WHAT IS REQUIRED -> What you return must match the records word for word, except that images are dropped.

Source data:
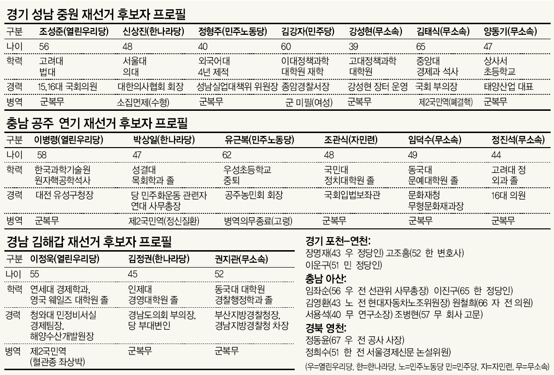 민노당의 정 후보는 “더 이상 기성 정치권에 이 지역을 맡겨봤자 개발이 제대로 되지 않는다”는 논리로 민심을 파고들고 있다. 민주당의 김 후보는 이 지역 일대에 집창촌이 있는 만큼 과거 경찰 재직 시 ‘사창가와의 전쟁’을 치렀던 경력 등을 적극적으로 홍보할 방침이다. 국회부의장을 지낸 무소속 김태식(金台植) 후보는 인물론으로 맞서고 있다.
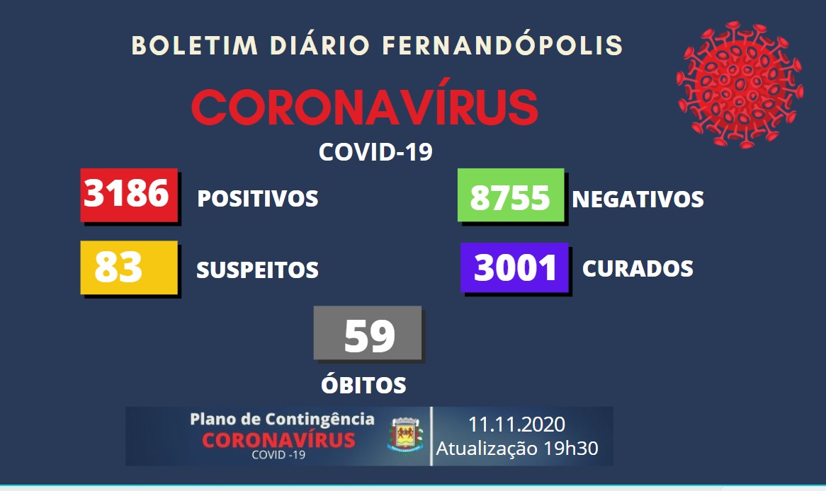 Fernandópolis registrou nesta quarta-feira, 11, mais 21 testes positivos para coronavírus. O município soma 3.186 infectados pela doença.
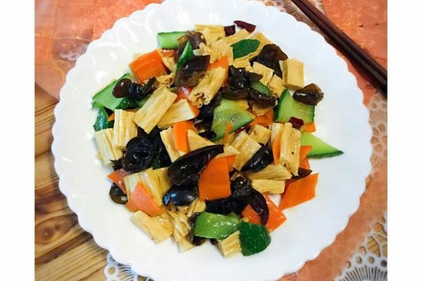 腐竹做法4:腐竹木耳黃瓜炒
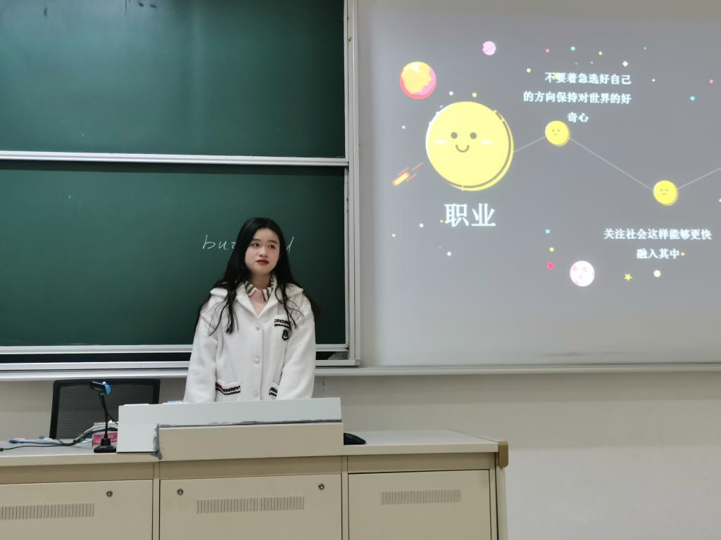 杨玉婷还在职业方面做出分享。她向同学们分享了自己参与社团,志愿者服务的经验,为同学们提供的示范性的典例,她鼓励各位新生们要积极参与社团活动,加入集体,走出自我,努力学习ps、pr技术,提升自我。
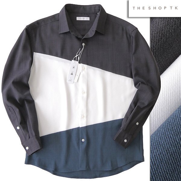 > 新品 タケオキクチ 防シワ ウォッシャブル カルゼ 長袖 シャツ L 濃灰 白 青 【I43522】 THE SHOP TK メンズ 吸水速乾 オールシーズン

EXERCISE RESPONSE ->
 민노당의 정 후보는 “더 이상 기성 정치권에 이 지역을 맡겨봤자 개발이 제대로 되지 않는다”는 논리로 민심을 파고들고 있다. 민주당의 김 후보는 이 지역 일대에 집창촌이 있는 만큼 과거 경찰 재직 시 ‘사창가와의 전쟁’을 치렀던 경력 등을 적극적으로 홍보할 방침이다. 국회부의장을 지낸 무소속 김태식(金台植) 후보는 인물론으로 맞서고 있다.
 Fernandópolis registrou nesta quarta-feira, 11, mais 21 testes positivos para coronavírus. O município soma 3.186 infectados pela doença.
 腐竹做法4:腐竹木耳黃瓜炒
 杨玉婷还在职业方面做出分享。她向同学们分享了自己参与社团,志愿者服务的经验,为同学们提供的示范性的典例,她鼓励各位新生们要积极参与社团活动,加入集体,走出自我,努力学习ps、pr技术,提升自我。
 > 新品 タケオキクチ 防シワ ウォッシャブル カルゼ 長袖 シャツ L 濃灰 白 青 【I43522】 THE SHOP TK メンズ 吸水速乾 オールシーズン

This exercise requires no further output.